City, export growth key to expansion

19/10/2015 - 09:36

Conditions are ripe for the final piece of Bunbury’s harbour relocation.

City, export growth key to expansion
Southern Ports Authority chief executive Nicolas Fertin

Conditions are ripe for the final piece of Bunbury’s harbour relocation.

A transformational waterfront development proposed for Bunbury could be the catalyst for a significant expansion of the city’s inner harbour, one of the state’s most important regional export hubs.

The South West Development Commission launched a public consultation process for the sweeping changes earlier this month, which include potential high-rise development and enhancement of the existing Casuarina boat harbour, as well as some associated works on nearby Koombana Bay.

While the proposals viewed by Business News do not include the last working area of Bunbury’s long-standing outer harbour, the port’s governing authority recognises the public desire to shift from the last remaining elements of the original port between Point Casuarina and Point McKenna, which has become isolated from new inner harbour created in the 1960s.

“There is lot’s a pressure from the community to vacate the outer harbour,” Southern Ports Authority CEO Nicolas Fertin told Business News during a recent tour of the Bunbury facility.

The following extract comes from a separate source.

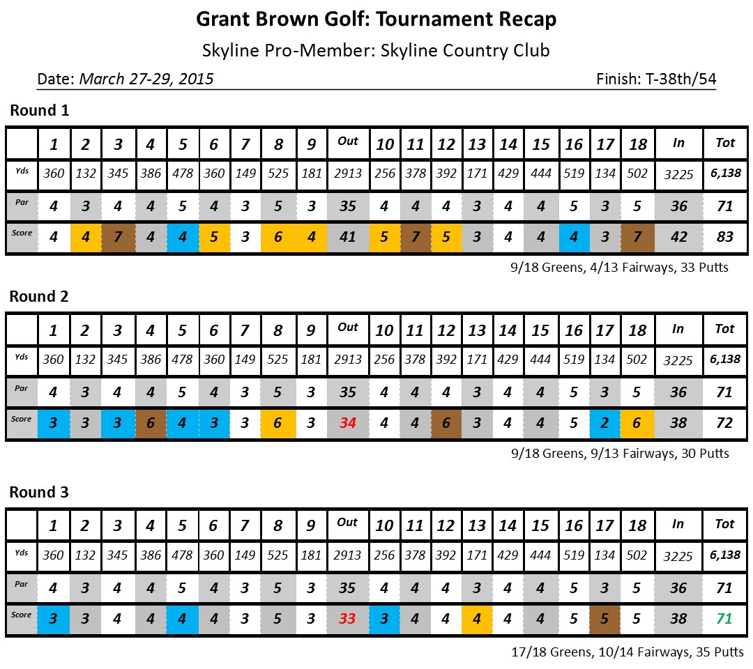 Skyline Country Club is a short, narrow course with small greens that have lots of slope. It’s built on the side of a mountain and almost every hole has out of bounds on each side of the fairway that can come into play. On most of the par 4’s and 5’s the best club to use off of the tee is about a 5-iron. During the first round, I only hit 4 fairways and had 3 balls out of bounds which led to my high score. I’m thankful that I haven’t had to deal with shooting that high of a score in a long time, but I did end up learning a lot from it and was able to come back stronger the last two days.

“They want us to finish what was started 50 years ago.”

Not only is a Hillarys-type marina envisaged, security around the harbour means access to a once-popular surfing area has been difficult for the past decade.

However, leaving the peninsula for good is not that simple.

The outer harbour still plays an important part in the area’s transport mix, notably home to several methanol tanks serving the region’s wood laminating sector as well as other ad hoc uses, including a home for the Port of Bunbury’s tug boats.

“Relocating trade is, typically, not a very attractive commercial proposition,” Mr Fertin said.

Fortunately, the port authority has a plan, which may prove the ultimate trade in goodwill between it and Bunbury’s burgeoning residential population.

Southern Ports will be seeking community support for a major expansion of the inner harbour, which will provide for a more than doubling of the existing port capacity if approved.

It is set to embark on the next phase of an approvals process for a $300 million expansion project, which would bring the inner harbour basin nearly a kilometre further into a massive 350-hectare area of swampland, creating capacity for up to eight new berths on top of the five currently capable of taking Panamax-size ships.

A river (which has been realigned twice in the past) would be rerouted to accommodate the changes, which, despite their scale, would still leave the port’s operations well away from residential areas or other conflicts of land use.

Mr Fertin, an experienced land transport and port logistics executive who took the helm at the newly created Southern Ports early this year, said Bunbury was fortunate to have benefited from great foresight in past planning for the harbour.

“When I arrived here I was surprised and very pleased with the boundaries and corridors that were planned long ago,” he said.

Bunbury is one of the state’s most diversified ports, a strength Mr Fertin believes has helped insulate the local economy from more volatile economic cycles and ensured the constant growth that now makes the next expansion logical.

The biggest port users are Alcoa of Australia and South32’s Worsley operation, which import caustic soda and export alumina. Others include woodchip exporters such as WA Plantation Resources and US agribusiness group Bunge, which recently returned grain handling to Bunbury after a 36-year absence.

Mr Fertin points to the Bunge operations, which share a berth with WA Plantation Resources, as the kind of complementary use that has opened the wharf up to other similar commodity exports in an operation run by QUBE Holdings. It is this kind of sharing that will provide the demand for expansion, as there are rarely new single users that have the throughput needed to monopolise a berth.

“With ports it is always a step change,” Mr Fertin said.

“If you don’t provide step change you don’t get the trade.”

In order to overcome this barrier, the port authority is currently trying to muster interest from existing or potential exporters in the region, hoping to attract their interest in shipping out of Bunbury by reducing the land journey currently required.

That includes the possibility of a container port to assist specialist exporters such as those with refrigeration needs as well as businesses in the region looking to import.

Mr Fertin noted that Bunbury may offer exporters the possibility of smaller, more frequent ships which can travel direct to shallow water ports in the region, allowing more direct access to markets and saving time and cost due to transfers required when bigger vessels were used.